Is there a command I can give or a utility available which tells you definitively how a system which is now actually up and running booted in the first place, EFI or legacy?

I have googled until I'm blue in the face, read and re-read the documentation on UEFI and grub2 and even asked oldfred on here, but I haven't found anything which comes close. I surely can't be the only wally who has come across this?

sudodus
September 16th, 2016, 09:50 AM
See FromUSBStick#UEFI (https://help.ubuntu.com/community/Installation/FromUSBStick#UEFI)

Use this command line (you can copy and paste it)


test -d /sys/firmware/efi && echo efi || echo bios

You can make live and persistent live pendrives, that boot in both UEFI and BIOS mode depending on the [settings of] the boot system of the computer. See the following links

One pendrive for all PC (Intel/AMD) computers (http://ubuntuforums.org/showthread.php?t=2259682)

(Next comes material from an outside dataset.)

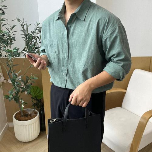[리노브엠]솔리드남방 오버핏 체크남방 빅사이즈 박스핏 쿠앤크셔츠
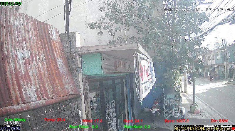 1 Rain season in the Philippines: June 1st to Oct 31st.   5 Estimated amount of water needed to replace the water used by plants and evaporation from the past week. (Negative numbers mean amount of water needed, positive numbers mean excess water is present).   6 Air Quality Index is provided by Luftdaten System esp8266 and is updated every 5 mins..   9 Solar Index represents either an absolute scale of solar energy (W/m²) using the station’s recorded maximum or a percentage of computed theoretical solar maximum using the station’s location and time of day. These indices differ most when the sun is low on the horizon. The current scale is shown, and will toggle if it or the icon is clicked.   10 Historical average only to day 21 of just the month of February for this station since 2016.   11 Historical average rain this season to day 21 of February for this station since 2016.

https://help.ubuntu.com/community/mkusb

Portable installed system booting from UEFI & BIOS (https://help.ubuntu.com/community/Installation/UEFI-and-BIOS)

howefield
September 16th, 2016, 09:56 AM
Another useful link for you.

https://help.ubuntu.com/community/UEFI

vidtek
September 16th, 2016, 09:57 AM
Thanks to you, I thought there must be something out there. I don't know how I missed this.
Cheers, Tony.

vidtek
September 16th, 2016, 05:14 PM
Thanks to you too, sometimes I just feel an old numpty

Tony

sudodus
September 16th, 2016, 08:38 PM
There is nothing wrong with asking questions. It is often the easiest way to learn something new, and we are here to help :-)

Please let us know, which mode (UEFI or BIOS) you found, and, if you feel that this problem is solved, click on Thread Tools at the top of the page and mark this thread as SOLVED

vidtek
September 16th, 2016, 09:55 PM
Seems it was EFI all along, weird though how the menu looked legacy-like.

Thanks to you both, Tony

sudodus
September 17th, 2016, 04:16 AM
Once booted in UEFI mode, you can start other (and originally non-UEFI) systems via the grub menu.

But those systems might not (will probably not) run with secure boot, because they might lack a signed kernel and maybe also some other bits and pieces for secure boot.